Work item:
In the listing below, the lines starting at the line with "- 3B: Mario" and ending at the line with "Elevate your off-road" are to be output verbatim. Images stay out of the copy.
** Information shown follows **
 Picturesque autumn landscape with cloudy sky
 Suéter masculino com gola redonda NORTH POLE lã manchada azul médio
** End of Information shown **
** Information shown follows **
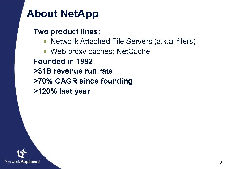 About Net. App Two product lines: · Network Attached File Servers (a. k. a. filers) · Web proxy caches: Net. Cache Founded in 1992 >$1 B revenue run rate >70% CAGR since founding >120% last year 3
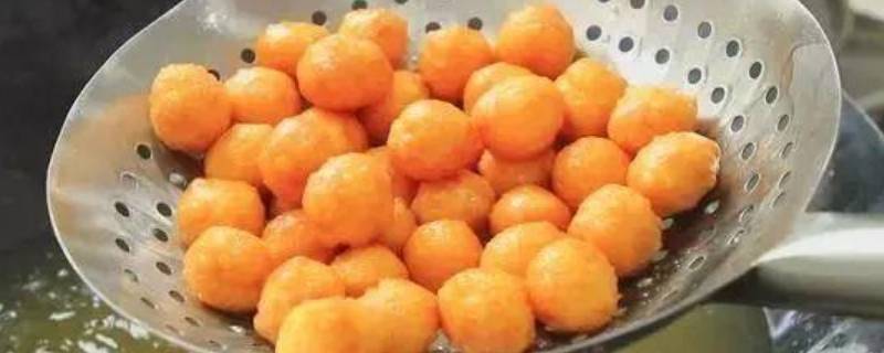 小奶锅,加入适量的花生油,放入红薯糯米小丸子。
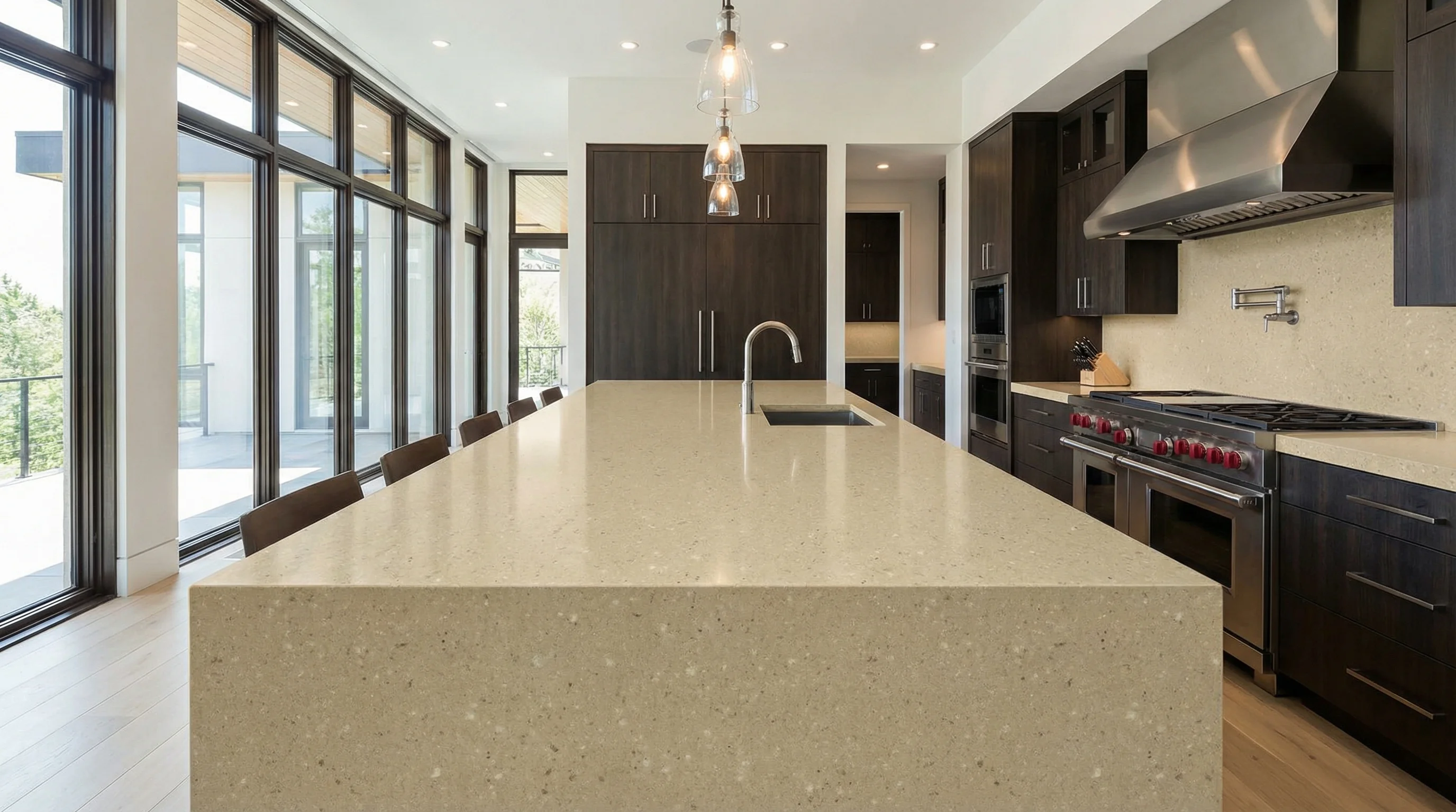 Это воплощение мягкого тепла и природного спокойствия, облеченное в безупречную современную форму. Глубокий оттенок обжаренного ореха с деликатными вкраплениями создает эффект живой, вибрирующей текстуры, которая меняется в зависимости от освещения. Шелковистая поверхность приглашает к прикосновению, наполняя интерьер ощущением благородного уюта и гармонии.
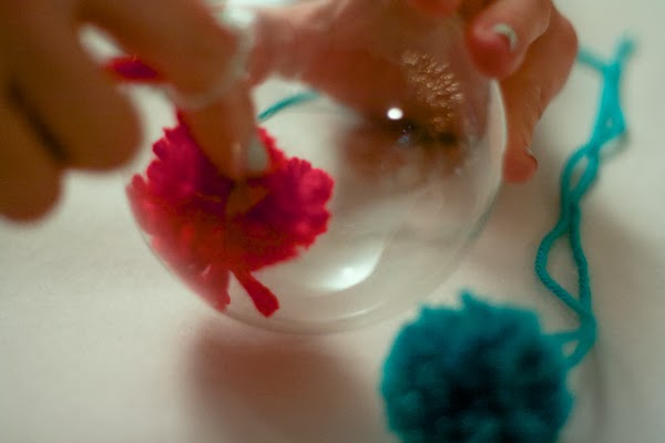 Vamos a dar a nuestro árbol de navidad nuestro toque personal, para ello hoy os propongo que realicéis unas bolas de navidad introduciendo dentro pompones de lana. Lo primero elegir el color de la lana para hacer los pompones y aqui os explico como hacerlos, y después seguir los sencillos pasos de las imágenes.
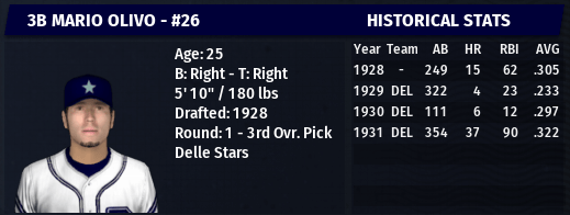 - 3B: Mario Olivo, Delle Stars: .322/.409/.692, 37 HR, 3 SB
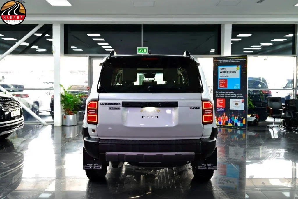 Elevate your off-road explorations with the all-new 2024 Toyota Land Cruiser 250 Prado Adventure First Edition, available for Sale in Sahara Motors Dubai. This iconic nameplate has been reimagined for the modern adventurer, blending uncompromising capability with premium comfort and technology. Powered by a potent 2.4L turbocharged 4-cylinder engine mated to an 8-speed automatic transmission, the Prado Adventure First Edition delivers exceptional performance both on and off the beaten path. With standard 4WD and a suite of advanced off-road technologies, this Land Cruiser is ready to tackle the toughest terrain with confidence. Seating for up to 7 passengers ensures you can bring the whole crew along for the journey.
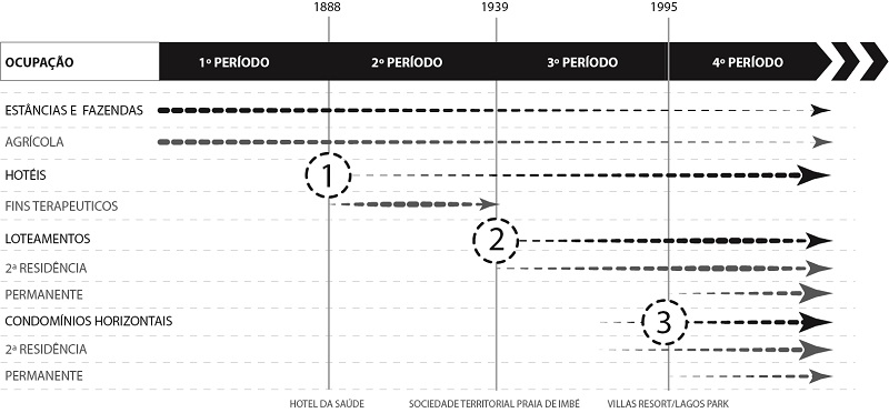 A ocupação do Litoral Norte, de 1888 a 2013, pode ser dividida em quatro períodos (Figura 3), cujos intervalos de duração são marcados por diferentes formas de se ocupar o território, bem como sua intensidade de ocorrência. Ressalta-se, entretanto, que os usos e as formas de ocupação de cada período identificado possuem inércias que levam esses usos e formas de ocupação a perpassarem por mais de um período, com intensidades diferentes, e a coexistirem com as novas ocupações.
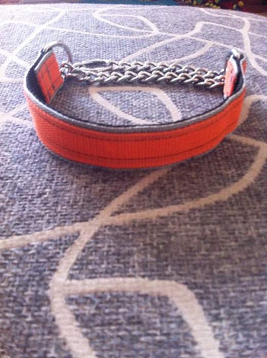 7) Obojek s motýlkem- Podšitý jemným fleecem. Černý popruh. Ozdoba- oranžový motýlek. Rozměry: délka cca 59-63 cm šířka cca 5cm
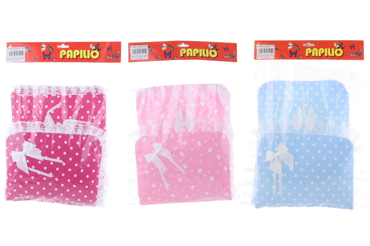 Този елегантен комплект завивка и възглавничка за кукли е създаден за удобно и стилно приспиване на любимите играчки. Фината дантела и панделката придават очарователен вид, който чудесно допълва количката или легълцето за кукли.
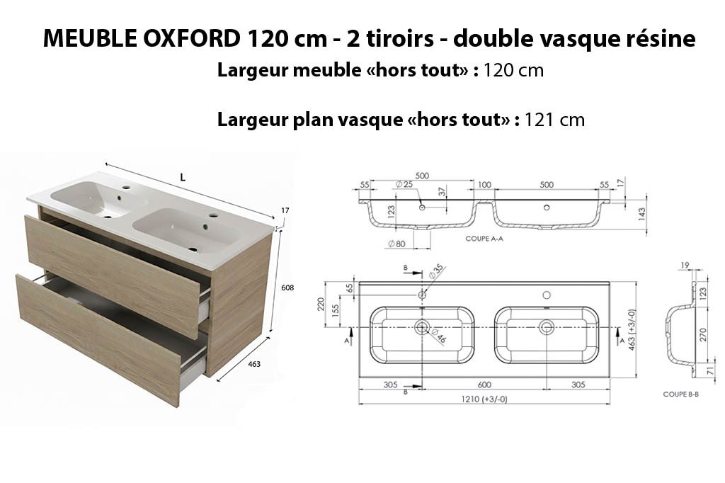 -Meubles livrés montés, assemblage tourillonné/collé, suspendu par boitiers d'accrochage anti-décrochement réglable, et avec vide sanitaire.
** End of Information shown **
Reply:
 - 3B: Mario Olivo, Delle Stars: .322/.409/.692, 37 HR, 3 SB
 Elevate your off-road explorations with the all-new 2024 Toyota Land Cruiser 250 Prado Adventure First Edition, available for Sale in Sahara Motors Dubai. This iconic nameplate has been reimagined for the modern adventurer, blending uncompromising capability with premium comfort and technology. Powered by a potent 2.4L turbocharged 4-cylinder engine mated to an 8-speed automatic transmission, the Prado Adventure First Edition delivers exceptional performance both on and off the beaten path. With standard 4WD and a suite of advanced off-road technologies, this Land Cruiser is ready to tackle the toughest terrain with confidence. Seating for up to 7 passengers ensures you can bring the whole crew along for the journey.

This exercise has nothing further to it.